WORK ITEM =
Below, find the line containing "Views, Views! WOW" and the line containing "4605 A St-Dominiquechambre"; reproduce exactly those two and every line between them, omitting pictures.

SOURCE DATA =
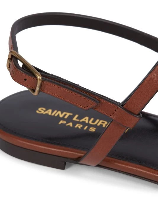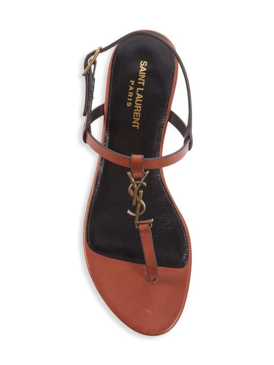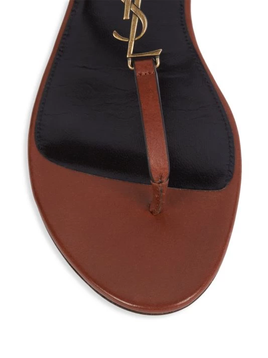 Strappy flat thongs flaunt petite goldtone monogram hardware in a timeless leather finish.
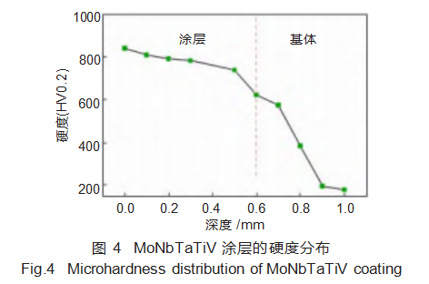 Figure 4 shows the hardness distribution curve of the laser-clad MoNbTaTiV refractory high-entropy alloy coating. The coating exhibits an average hardness of 756.7 HV0.2, which is four times that of the substrate (189 HV0.2) and significantly higher than the base material.
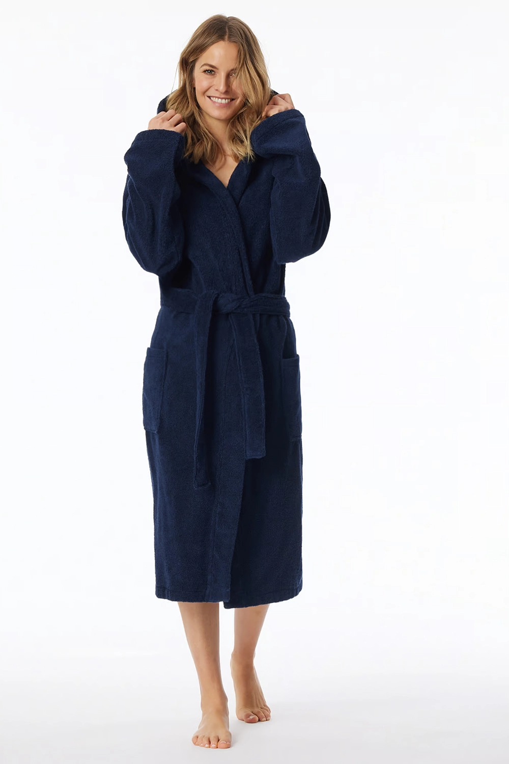 Kuschelige Basics mit Wohlfühlgarantie: Dieser dunkelblaue Damenbademantel verspricht herrlich gemütliche Stunden in bester SCHIESSER-Qualität! Große Taschen und die praktische Kapuze schenken dem Bademantel dabei eine Extra-Portion Behaglichkeit, die in weichem Frottee besonders soft auf der Haut spürbar wird. Ideal für Damen, die nach dem Bad oder am Morgen am liebsten in bester, wohliger SCHIESSER-Qualität entspannen! * mit kuscheliger Kapuze * große Taschen für Extra-Komfort * Bindegürtel * Gesamtlänge: 120 cm * in weicher * gemütlicher Frottee-Qualität * 100% Baumwolle
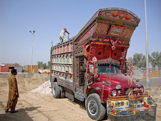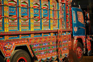 الشاحنات المنتشرة على الطرق في باكستان يتم تزيين كافة أسطحها بالعديد من الرسوم والتي يتم رسمها اعتمادا على ذوق سائق الشاحنة، البعض يطلب رسم صور أبنائه، وآخرين يطلبون صور بعض الشخصيات الشهيرة.. فيما يترك البعض الحرية للفنان لرسم ما يوحيه إليه فكره. ![]() وإلى جانب الرسوم توجد العديد من الحلي التي يمكن للسائقين استخدامها لتزيين الشاحنات، على سبيل المثال بعض السائقين يستخدمون سلاسل معدنية ملونة يتم وضعها بالأسفل لتعطي صوتا موسيقيا أثناء سيرها في الطريق، فيما يفضل البعض وضع مجسمات لحيوانات أو طيور على جانبي الشاحنة. وقد بدأ الرسم على الشاحنات كتذكير للسائقين ببيوتهم أينما كانوا، لكن في وقتنا الحالي فإن السائقين يزينون شاحناتهم بتلك الرسوم لأنهم يحبونها كذلك، كما أنهم يشاركون في عملية التزيين لتقوية ارتباطهم بالشاحانات، وقد حصل هذا النوع من الفن على شهرة كبيرة حتى أن هناك سيارات خاصة وأجرة يتم تزيينها بنفس الرسوم، وحاليا الرسوم الموجودة على الشاحنات الباكستانية معترف بها كنوع من الفنون الشعبية الرسمية. ![]() ![]() ![]() ![]() ![]() ![]() ![]()
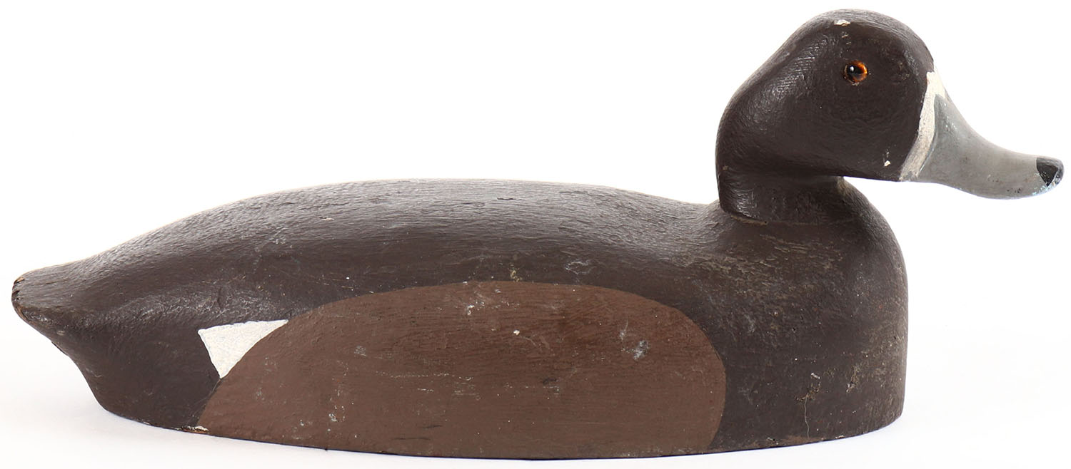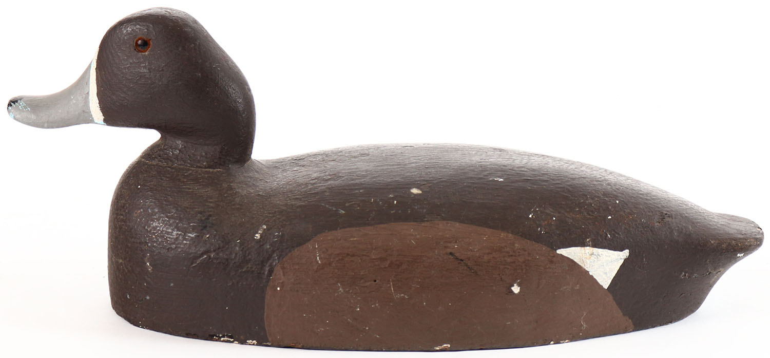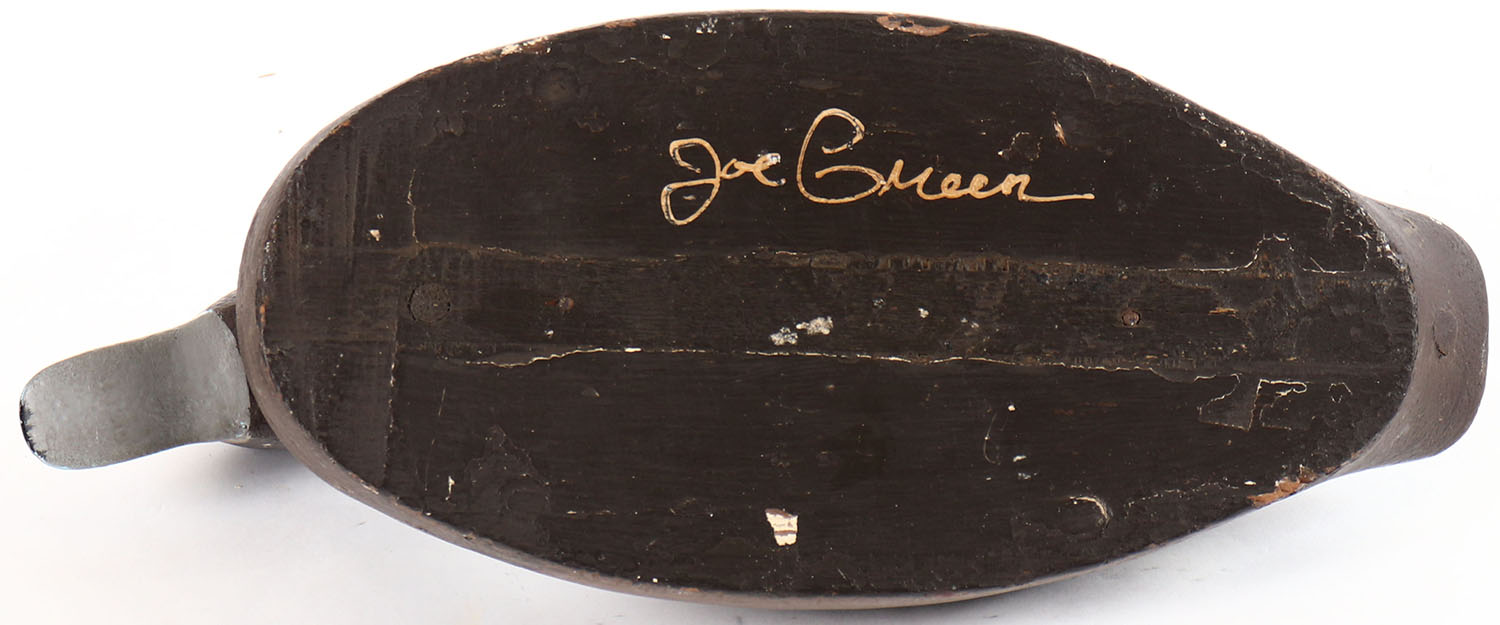 Bluebill Hen by Joe Green possibly the one from Citrus Heights, CA, glass eyes, hollow wood, apparent original paint, structurally excellent, signed on bottom. Grade: Excellent - Value: 20 to 40
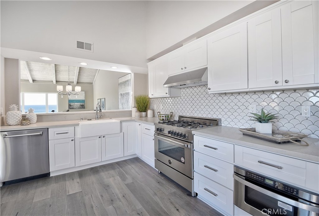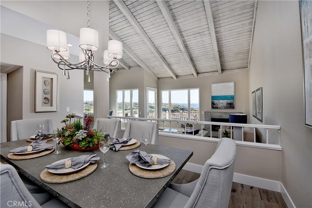 Views, Views! WOW factor w/sit-down Whale Watching OCEAN VIEWS! Stunning coastline, Catalina, city lights, golf course, and big ocean views! Watch the waves crashing on the sand from the living room w/fireplace, vaulted tongue & groove ceiling. This turnkey ocean view condo in Monarch Bay Villas has direct path to beaches and Monarch Beach Golf Course. Enjoy the white water ocean of world famous Salt Creek Beach, Monarch Links, Monarch Beach Hotel, and the Ritz Carlton from any window and most areas of this professionally designed home with many upgrades. This property is located at end of a cul-de sac and is an end unit. Properties in Monarch Villas are rarely offered and this home has been completely remodeled. Recent upgrades include interior fresh neutral color paint, hardwood flooring, new doors, remodeled all bathrooms/ kitchen with Quartz counter tops, and new shaker white cabinets. Kitchen has high end stainless steel appliances including refrigerator and built-in microwave oven. Master bedroom suite has view deck as well. Private gated Monarch Bay Villas community has swimming pool, spa, Gym, Sauna, Clubhouse, Billiard Room and BBQ areas. It is close to fine dining, Monarch Beach , Dana Point Harbor and great shopping.
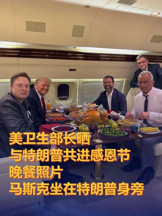 近日,美国卫生部长小罗伯特·肯尼迪在社交媒体上发布了与特朗普共进感恩节晚餐的照片,照片中美企业家埃隆·马斯克坐在特朗普身旁。
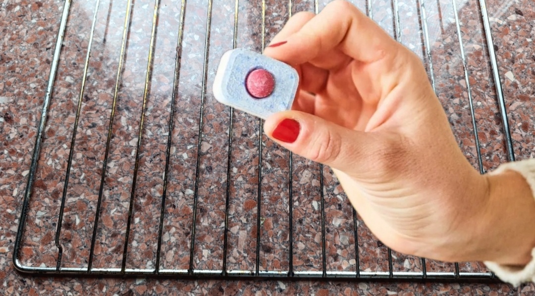 - Таблетка для посудомоечной машины: Оберните решетку фольгой и погрузите её в емкость с горячей водой и таблеткой для посудомойки. Оставьте на некоторое время, чтобы добиться желаемого эффекта.
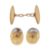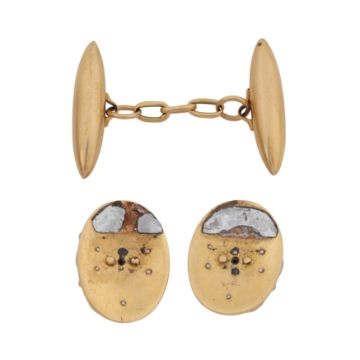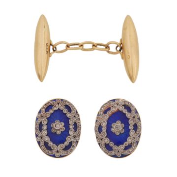 The plaques of oval design, set with rose-cut diamonds on blue enamel guilloché decorations, bicolour metal unmarked and untested, length 1.8cm, together with a double-sided barrel-shaped single cufflink, chain link connectors, mounted in 18ct yellow gold, UK hallmark, termination length 2.2cm; total gross weight 8.4grs (2)
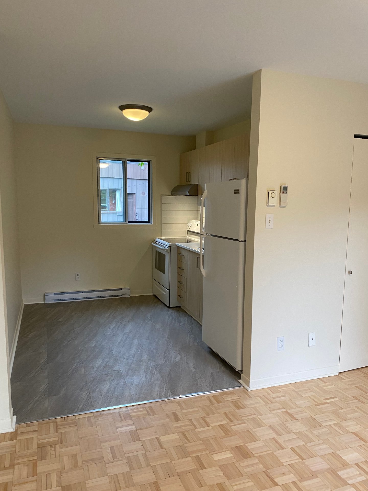 4605 A St-Dominiquechambre à coucher, une salle de bain avec douche moderne, laveuse et sécheuse incluses, une cuisine avec armoires en mélamine comprenant: poêle, frigidaire.L'appartement d'approximativement 400 pieds carrés comprend aussi un balcon.
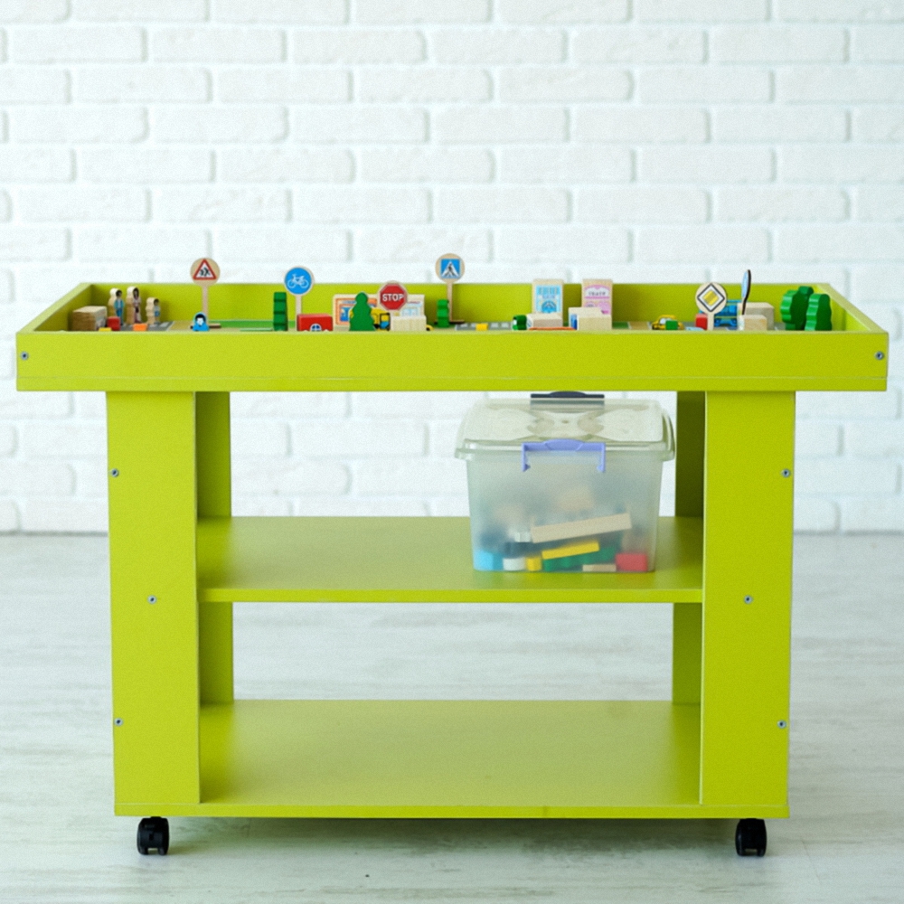 Чтобы убирать и хранить игрушки не в беспорядке предусмотрены контейнеры, которые в свою очередь, ставятся под столешницу, где установлены две полки. Доступ к ним рассчитан с четырех сторон.
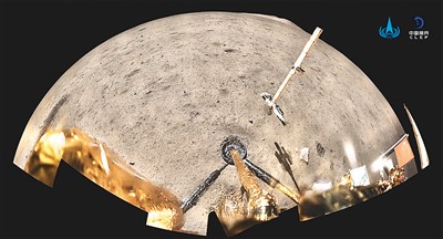 嫦娥五号探测器在月球表面展示国旗。 |
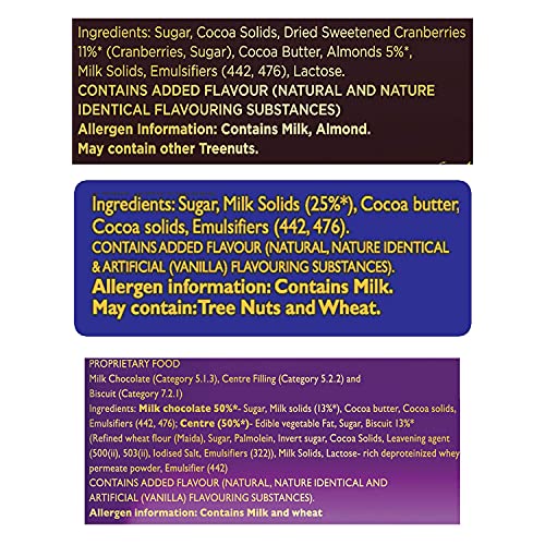 Cadbury is all about regaling in the chocolate's richness and creaminess. It offers you the reason to celebrate every small and big occasion of happiness. In short indulge in a rich smooth and creamy celebration. This combo comprises 2 packs of Cadbury Dairy Milk Silk 60g 2 packs of Cadbury Dairy Milk Silk Oreo 60g & 2 packs of Cadbury Bournville Cranberry 80g.
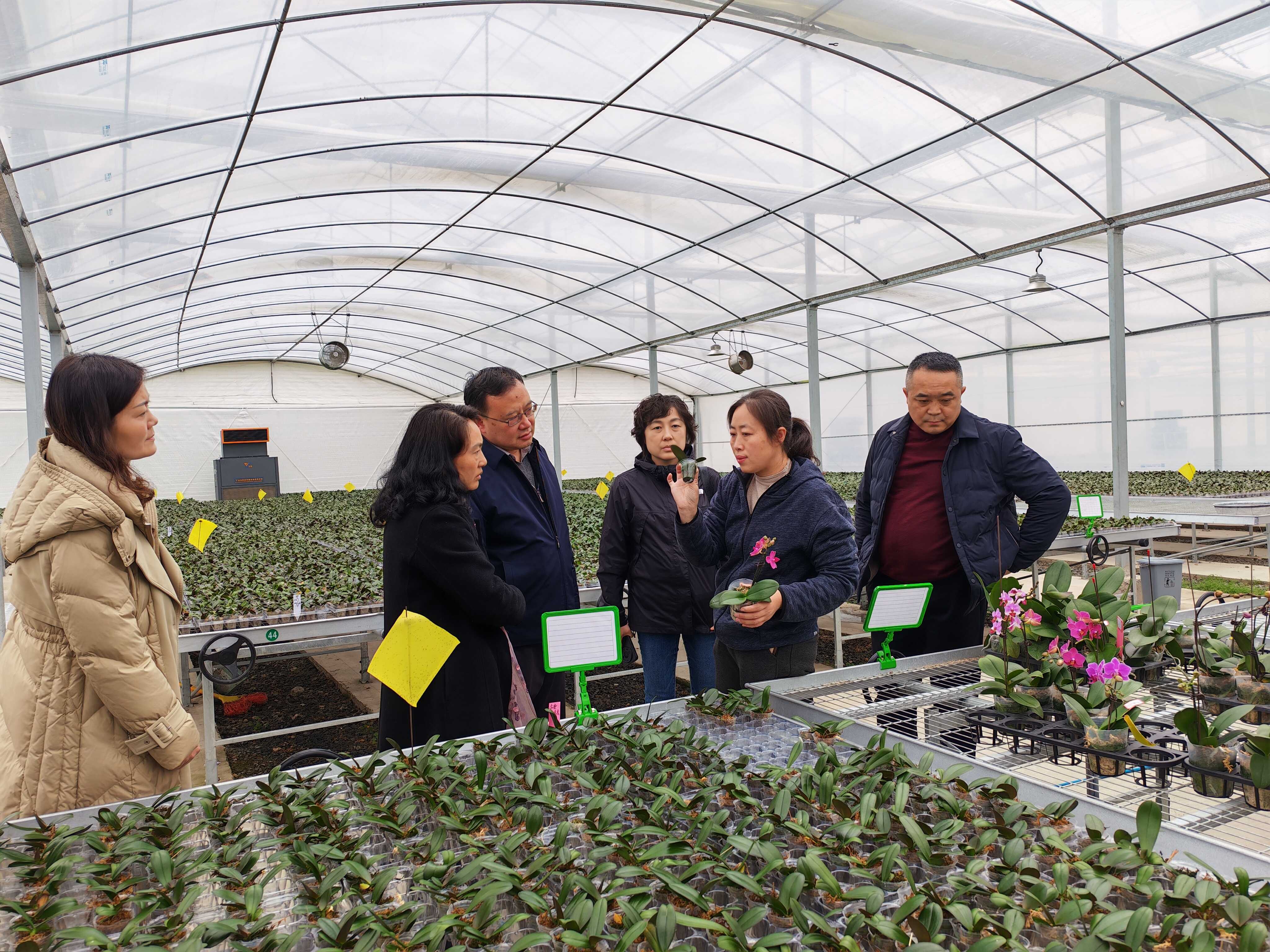 图为考察组在宿迁市沭阳县蝴蝶兰基地考察
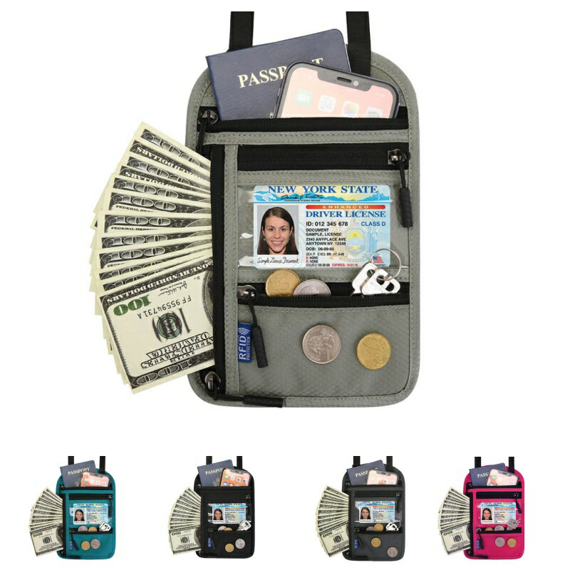 パスポートケース 首下げ RFID 多機能 大容量 スキミング防止 パスポートカバー 軽量 海外旅行 便利グッズ 通帳ケース 航空券 紙幣 カード 小銭 ペン 鍵 スマホ 首掛け ストラップ調節可 パスポートバッグ 男女兼用 ローズレッド 海外チケッ ト証明書保護カバー
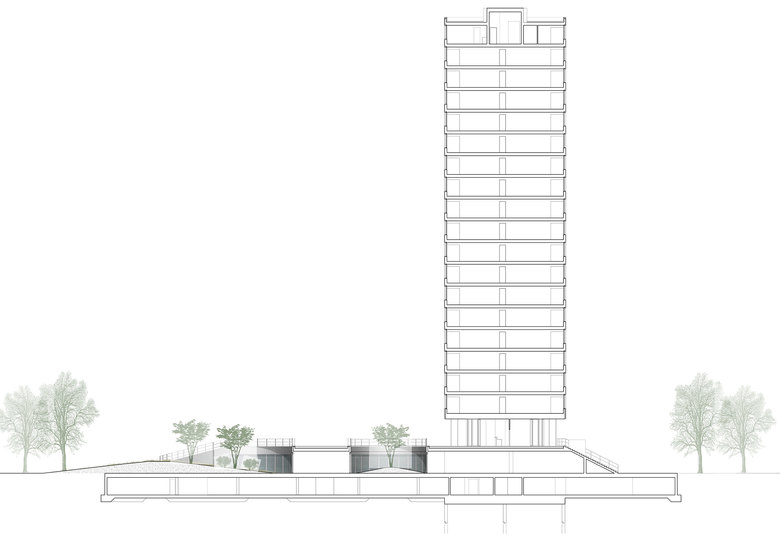 Die Wohnscheibe sitzt auf dem eingeschossigen Sockelbau, der zum See und zum Verbindungsweg zwischen Arbon und Steinach flach abfällt. Über geschwungene Treppen und einen leicht ansteigenden Weg erreicht man das ‚Belvedere’, von wo sich bereits eine schöne Seesicht erleben lässt. An diesem durch seine erhöhte Lage ausgezeichneten Ort sind eine Bar und zwei Clubräume für die Bewohner vorgesehen. Gleichzeitig befinden sich hier auch die oberen Ausgänge aus den doppelgeschossigen Eingangslobbies.
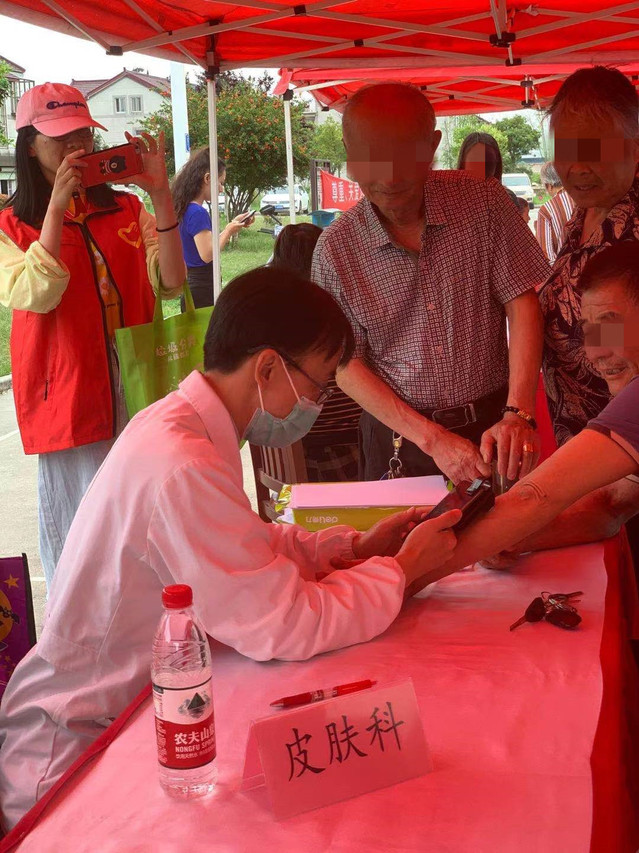 5月28日,凌昕主任参加汾湖高新区社会事业局发起的“我为群众办实事、救助暖人心”的义诊活动,现场开处方,诊治各类顽固性皮肤病,向群众普及皮肤病护理及预防知识,得到群众的欢迎。

EXERCISE RESULT =
 Views, Views! WOW factor w/sit-down Whale Watching OCEAN VIEWS! Stunning coastline, Catalina, city lights, golf course, and big ocean views! Watch the waves crashing on the sand from the living room w/fireplace, vaulted tongue & groove ceiling. This turnkey ocean view condo in Monarch Bay Villas has direct path to beaches and Monarch Beach Golf Course. Enjoy the white water ocean of world famous Salt Creek Beach, Monarch Links, Monarch Beach Hotel, and the Ritz Carlton from any window and most areas of this professionally designed home with many upgrades. This property is located at end of a cul-de sac and is an end unit. Properties in Monarch Villas are rarely offered and this home has been completely remodeled. Recent upgrades include interior fresh neutral color paint, hardwood flooring, new doors, remodeled all bathrooms/ kitchen with Quartz counter tops, and new shaker white cabinets. Kitchen has high end stainless steel appliances including refrigerator and built-in microwave oven. Master bedroom suite has view deck as well. Private gated Monarch Bay Villas community has swimming pool, spa, Gym, Sauna, Clubhouse, Billiard Room and BBQ areas. It is close to fine dining, Monarch Beach , Dana Point Harbor and great shopping.
 近日,美国卫生部长小罗伯特·肯尼迪在社交媒体上发布了与特朗普共进感恩节晚餐的照片,照片中美企业家埃隆·马斯克坐在特朗普身旁。
 - Таблетка для посудомоечной машины: Оберните решетку фольгой и погрузите её в емкость с горячей водой и таблеткой для посудомойки. Оставьте на некоторое время, чтобы добиться желаемого эффекта.
 The plaques of oval design, set with rose-cut diamonds on blue enamel guilloché decorations, bicolour metal unmarked and untested, length 1.8cm, together with a double-sided barrel-shaped single cufflink, chain link connectors, mounted in 18ct yellow gold, UK hallmark, termination length 2.2cm; total gross weight 8.4grs (2)
 4605 A St-Dominiquechambre à coucher, une salle de bain avec douche moderne, laveuse et sécheuse incluses, une cuisine avec armoires en mélamine comprenant: poêle, frigidaire.L'appartement d'approximativement 400 pieds carrés comprend aussi un balcon.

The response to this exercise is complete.